Cinq euros le concert, et des souvenirs gravés à jamais. Car ils sont nombreux, jeunes comme moins jeunes, à se rappeler encore cet instant passé en compagnie de Sly Johnson. Une force vocale impressionnante (il faut l’entendre faire sien le Georgia on my mind de Ray Charles…) qui tranche avec cette timidité touchante quand il s’agit de parler sans fard au public, venu nombreux malgré l’heure assez inhabituelle (le concert a débuté à 18h30). Bonnes vibrations, messages d’espoir, vocalises et maîtrise ont infusé en continu une prestation à la partition impeccable, à l’image du duo de musiciens qui accompagne l’ancien Saïan sur scène : Anthony Jambon à la guitare (quel sens du placement) et Laurent Salzard à la basse (quel sens du groove). Ce trio, qu’on se le dise, c’est quelque chose.
Changement d’ambiance (plus blues que soul) et de lumières (plus feutrées) quelques minutes plus tard avec la prestation du britannique Hugh Coltman. Gentleman défricheur qui s’attaque cette fois-ci au répertoire dense, poisseux et exigeant de Dr. John, période 1968-73. Une ambition certaine, captée sur disque (“Night Trippin’”, 4,5 étoiles dans notre numéro 248) et déclinée sur scène avec toujours cette même volonté : celle de rendre hommage au maître tout en affirmant son propre style, tantôt sauvage, tantôt contenu. Parfaitement saisi de nuances, avec une énergie remarquable, partagée avec une invitée de choix (Moonlight Benjamin) et portée par la guitare possédée de Matthis Pascaud, à l’origine de ce projet fou. Et follement réussi.
Lendemain difficile. Très difficile. Sur scène, un habitué du festival, le griot Anthony Joseph. Tout de cuir vêtu, lunettes sombres, drapeau de Trinidad dans son dos, et des incantations de jazz fusion pour étirer le temps. Qu’on aurait aimé retenir quand, après un long solo tenu quasiment d’un souffle, son saxophoniste Jason Yarde s’est écroulé, victime d’un AVC. Arrêté après une petite trentaine de minutes, le concert ne reprendra pas. Hospitalisé dans la soirée, le musicien a été pris en charge par les services toulousains. Il est actuellement en convalescence. Une cagnotte a également été organisée en ligne pour lui venir en aide et accompagner son rétablissement (https://www.gofundme.com/f/jason-yardes-stroke-rehabilitation-journey).

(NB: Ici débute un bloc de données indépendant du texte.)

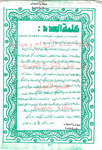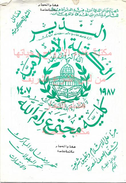 نشرة رمضانية صادرة عن الكتلة الاسلامية في كلية المجتمع رام الله بتارخ 1987

Difficile d’oublier ces images. La souffrance d’un homme. Et ce sentiment d’impuissance qui nait face à l’effroyable et l’inattendu. 24 heures plus tard, c’est pourtant devant cette même scène que le public s’est rassemblé, transformant le tragique en magique grâce à l’armada cuivrée du Hypnotic Brass Ensemble. Sexy, groovy, d’une puissance sonore monumentale (impossible de rester assis malgré les chaises pliantes bien alignées) et d’une générosité sans faille : spectateurs invités à monter sur scène et gros hug des familles entre les membres du groupe et les quelques personnes réunies à la buvette juste après le concert. Des moments rares qui font aimer la musique. Et encore plus la vie.